**GIVEN INFORMATION:**

• • • •

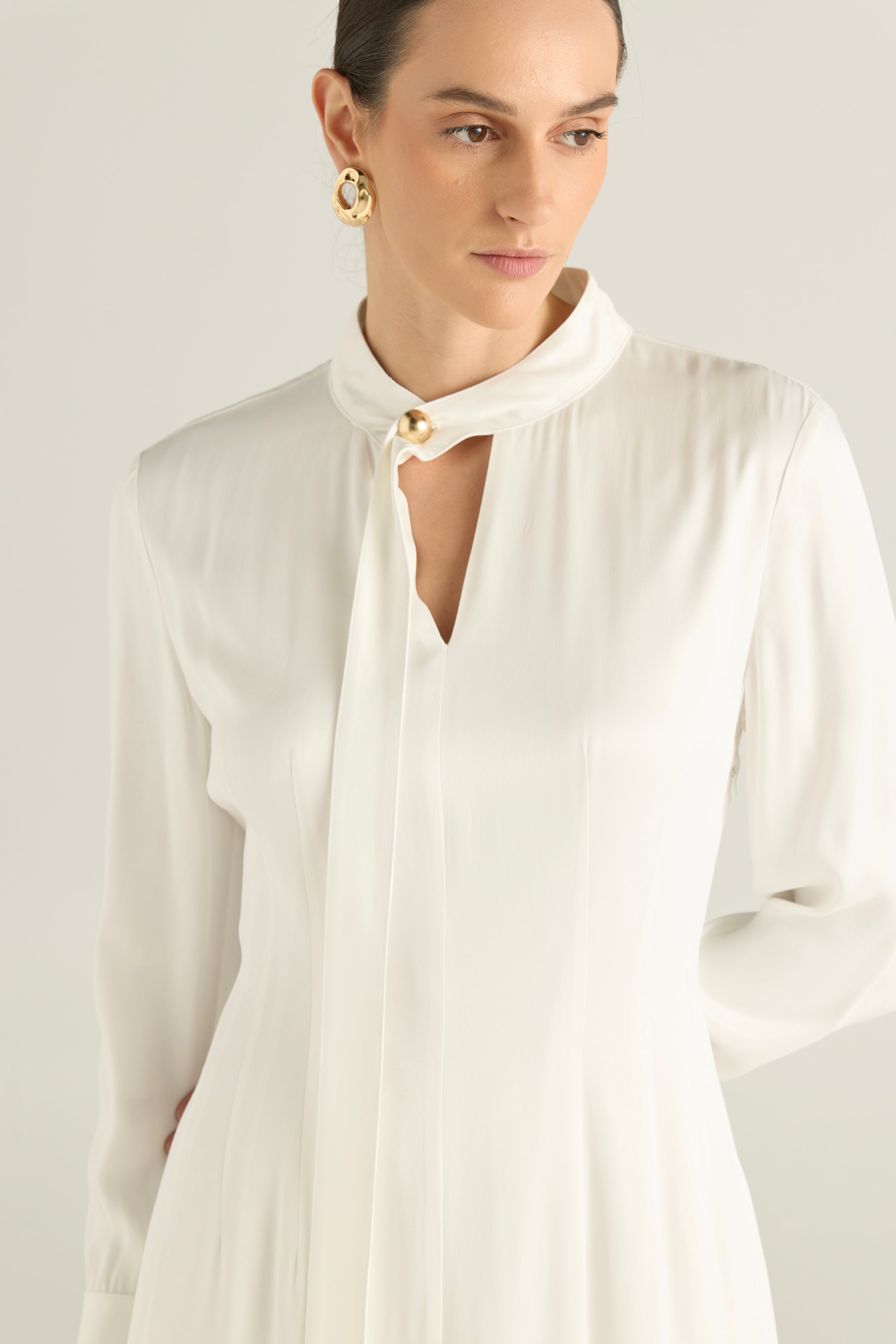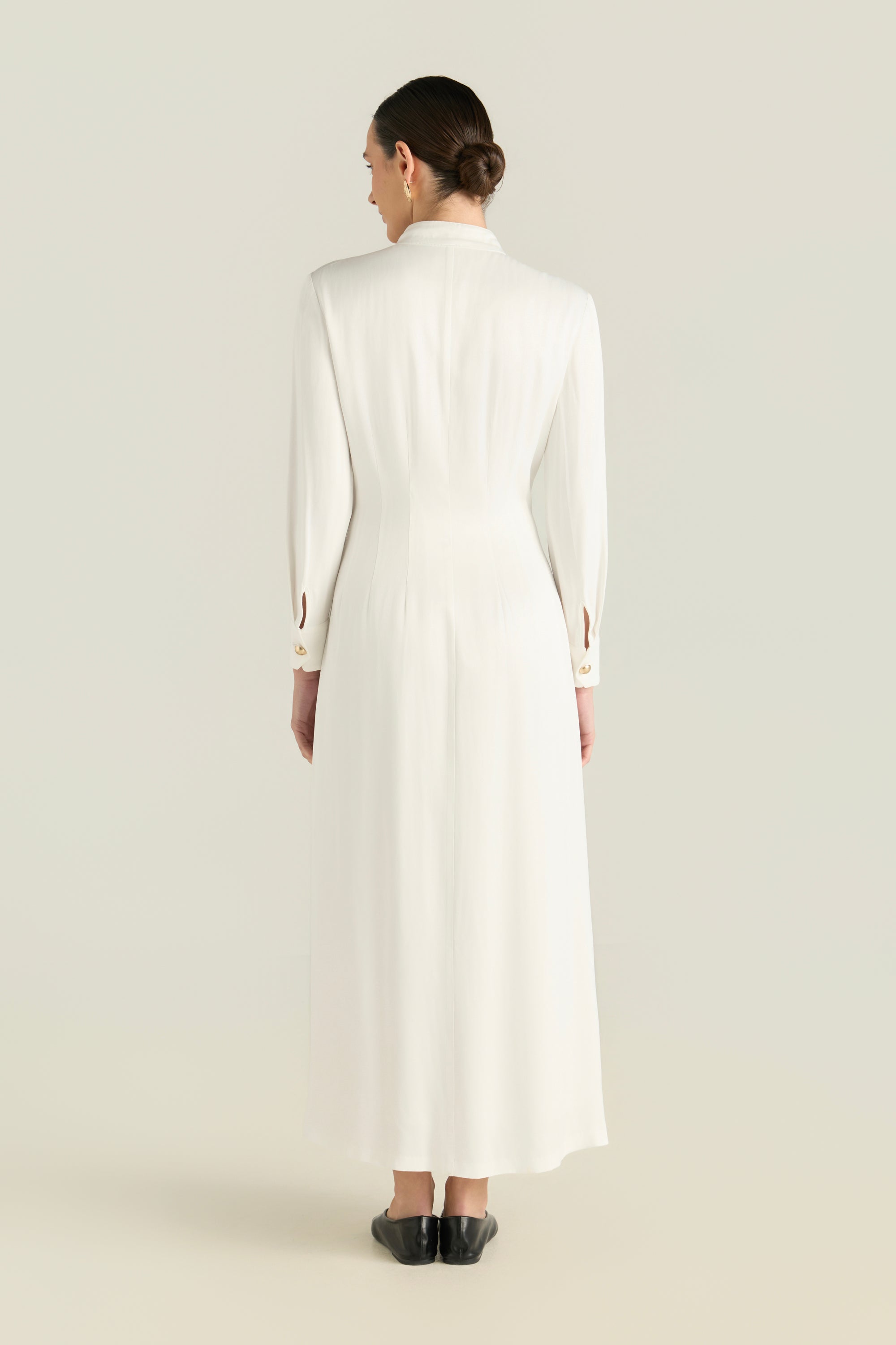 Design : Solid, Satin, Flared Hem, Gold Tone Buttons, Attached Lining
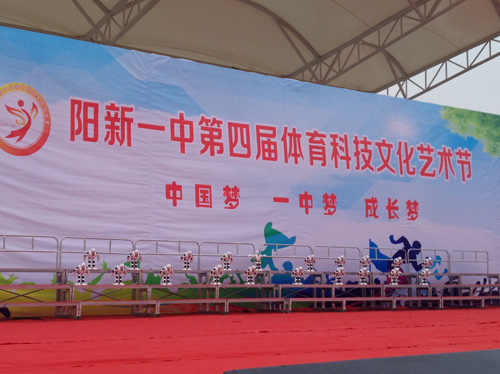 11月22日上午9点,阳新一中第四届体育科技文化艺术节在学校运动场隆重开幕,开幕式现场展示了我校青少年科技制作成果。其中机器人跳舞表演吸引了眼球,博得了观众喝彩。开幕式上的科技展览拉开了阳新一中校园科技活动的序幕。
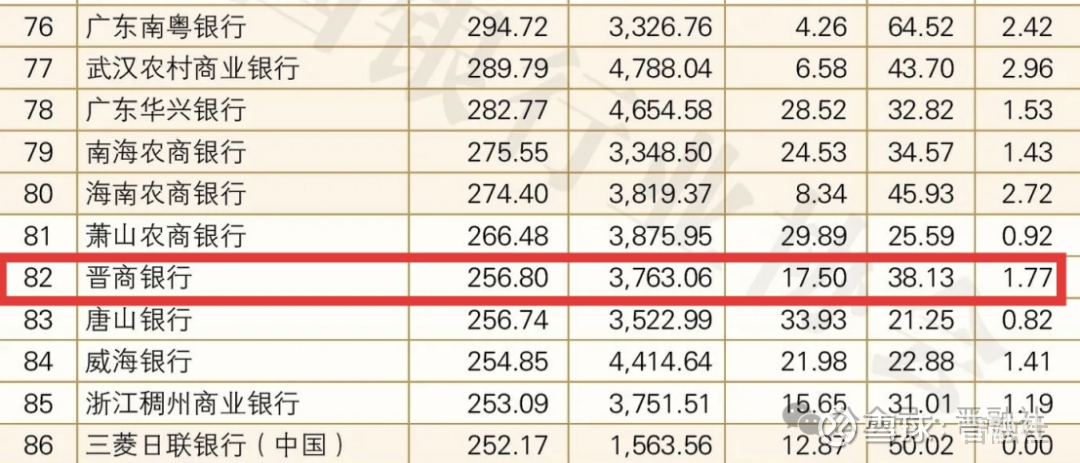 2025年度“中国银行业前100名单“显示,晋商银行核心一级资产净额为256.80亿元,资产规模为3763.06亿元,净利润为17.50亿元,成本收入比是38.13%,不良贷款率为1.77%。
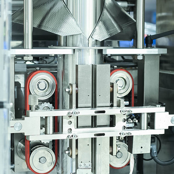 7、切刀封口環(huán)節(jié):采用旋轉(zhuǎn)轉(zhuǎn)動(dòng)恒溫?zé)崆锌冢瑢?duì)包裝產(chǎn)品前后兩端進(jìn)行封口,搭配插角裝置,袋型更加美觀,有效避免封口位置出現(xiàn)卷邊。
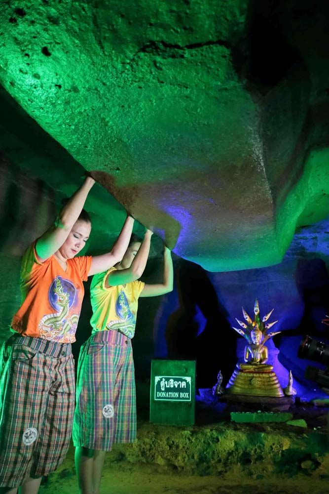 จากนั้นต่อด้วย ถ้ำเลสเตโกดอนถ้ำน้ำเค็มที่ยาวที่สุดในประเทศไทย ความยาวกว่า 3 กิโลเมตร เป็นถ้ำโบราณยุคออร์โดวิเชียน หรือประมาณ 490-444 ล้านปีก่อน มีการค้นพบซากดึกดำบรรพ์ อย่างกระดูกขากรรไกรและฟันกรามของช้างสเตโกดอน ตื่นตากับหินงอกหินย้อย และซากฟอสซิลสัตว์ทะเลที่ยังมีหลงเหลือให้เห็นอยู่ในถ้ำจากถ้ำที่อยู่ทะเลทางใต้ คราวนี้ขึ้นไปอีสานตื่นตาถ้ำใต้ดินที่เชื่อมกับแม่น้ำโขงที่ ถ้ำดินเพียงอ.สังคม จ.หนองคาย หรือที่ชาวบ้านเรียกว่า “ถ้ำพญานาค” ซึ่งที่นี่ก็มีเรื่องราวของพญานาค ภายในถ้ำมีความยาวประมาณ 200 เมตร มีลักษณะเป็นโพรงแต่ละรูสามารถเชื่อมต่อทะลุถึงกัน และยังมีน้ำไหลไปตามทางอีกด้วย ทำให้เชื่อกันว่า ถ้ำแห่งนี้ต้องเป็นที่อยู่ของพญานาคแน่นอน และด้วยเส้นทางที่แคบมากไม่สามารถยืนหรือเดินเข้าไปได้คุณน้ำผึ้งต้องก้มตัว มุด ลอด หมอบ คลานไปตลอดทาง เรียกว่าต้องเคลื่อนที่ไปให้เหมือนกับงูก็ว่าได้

• • • •

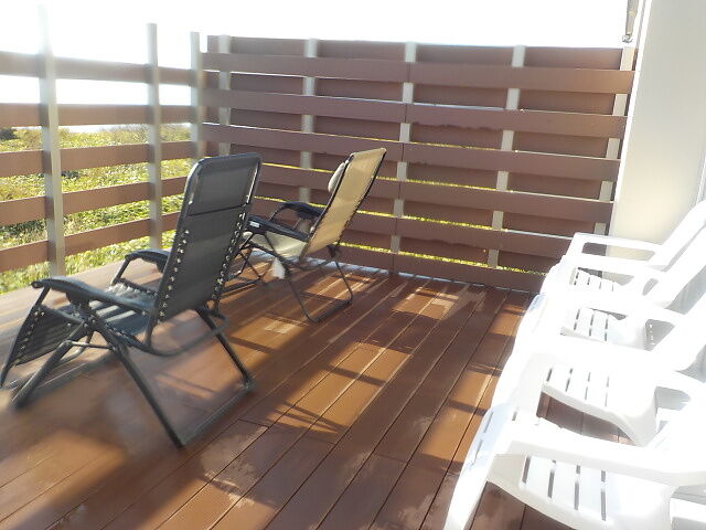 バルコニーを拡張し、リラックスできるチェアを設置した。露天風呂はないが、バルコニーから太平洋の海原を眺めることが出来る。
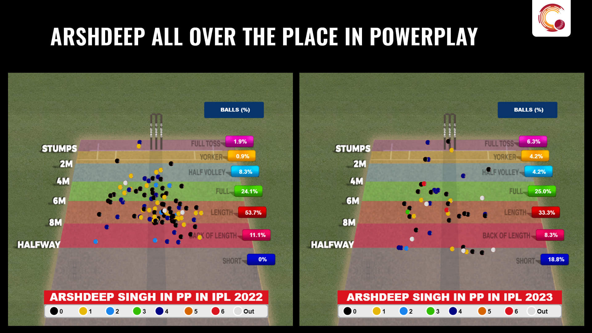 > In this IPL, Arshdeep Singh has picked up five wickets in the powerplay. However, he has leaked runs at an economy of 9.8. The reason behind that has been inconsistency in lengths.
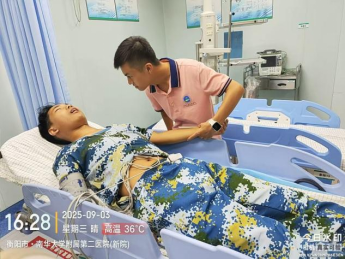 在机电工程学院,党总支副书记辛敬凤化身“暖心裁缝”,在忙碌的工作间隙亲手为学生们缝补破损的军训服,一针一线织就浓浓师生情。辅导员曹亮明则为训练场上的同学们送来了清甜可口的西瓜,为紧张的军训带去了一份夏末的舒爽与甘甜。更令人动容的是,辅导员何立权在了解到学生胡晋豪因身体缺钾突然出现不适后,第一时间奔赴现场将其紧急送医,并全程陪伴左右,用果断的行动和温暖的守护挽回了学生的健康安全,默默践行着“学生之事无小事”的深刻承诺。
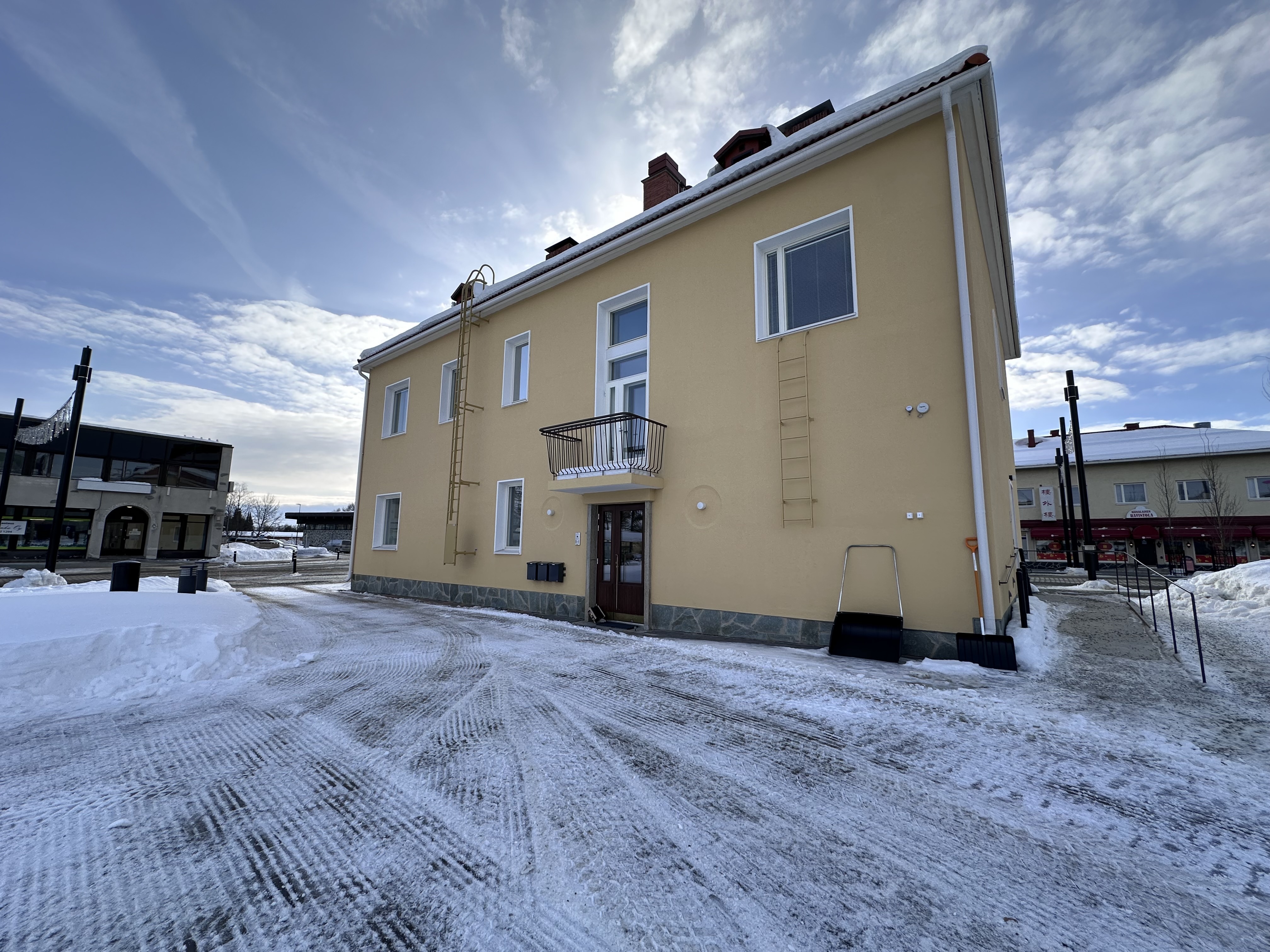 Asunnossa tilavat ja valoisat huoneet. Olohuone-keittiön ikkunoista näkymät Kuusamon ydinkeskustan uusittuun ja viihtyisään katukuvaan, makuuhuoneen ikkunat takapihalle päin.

• • • •

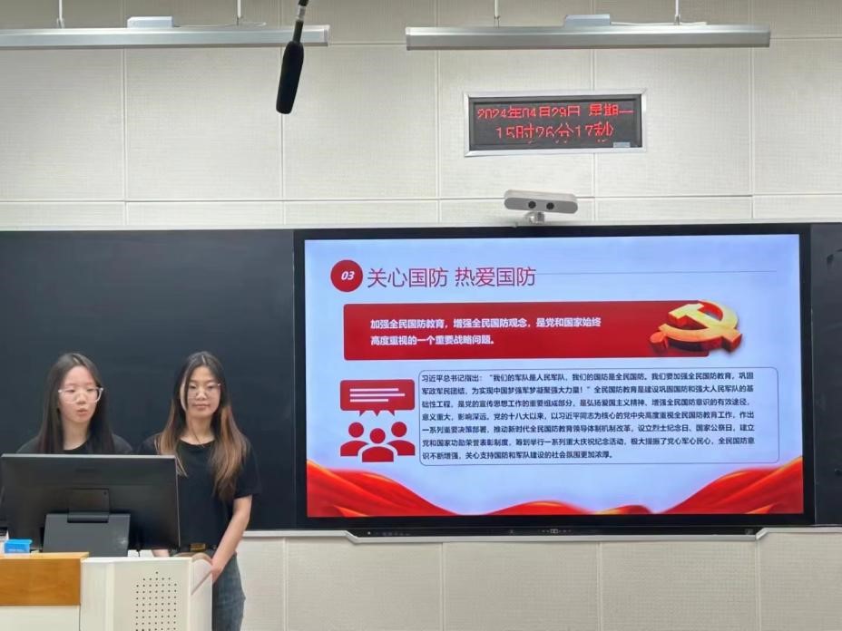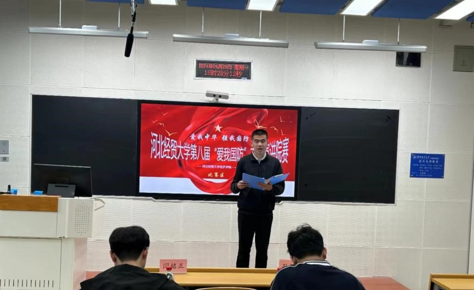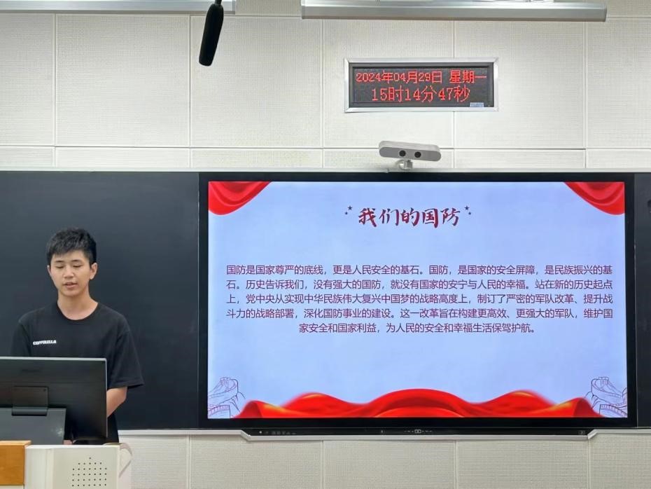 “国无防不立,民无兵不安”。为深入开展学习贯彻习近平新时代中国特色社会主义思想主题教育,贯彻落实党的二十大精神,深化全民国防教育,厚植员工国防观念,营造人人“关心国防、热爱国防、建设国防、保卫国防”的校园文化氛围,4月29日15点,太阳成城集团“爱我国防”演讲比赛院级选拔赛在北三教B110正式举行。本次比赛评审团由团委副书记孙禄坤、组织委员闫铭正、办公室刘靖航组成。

• • • •

**INSTRUCTIONS FOR THE TASK:** In the material above, one part opens with the line containing "inconsistency in lengths." and closes with the line containing "Asunnossa tilavat ja". Write out that part exactly and skip its pictures.

**SOLUTION:**
 > In this IPL, Arshdeep Singh has picked up five wickets in the powerplay. However, he has leaked runs at an economy of 9.8. The reason behind that has been inconsistency in lengths.
 在机电工程学院,党总支副书记辛敬凤化身“暖心裁缝”,在忙碌的工作间隙亲手为学生们缝补破损的军训服,一针一线织就浓浓师生情。辅导员曹亮明则为训练场上的同学们送来了清甜可口的西瓜,为紧张的军训带去了一份夏末的舒爽与甘甜。更令人动容的是,辅导员何立权在了解到学生胡晋豪因身体缺钾突然出现不适后,第一时间奔赴现场将其紧急送医,并全程陪伴左右,用果断的行动和温暖的守护挽回了学生的健康安全,默默践行着“学生之事无小事”的深刻承诺。
 Asunnossa tilavat ja valoisat huoneet. Olohuone-keittiön ikkunoista näkymät Kuusamon ydinkeskustan uusittuun ja viihtyisään katukuvaan, makuuhuoneen ikkunat takapihalle päin.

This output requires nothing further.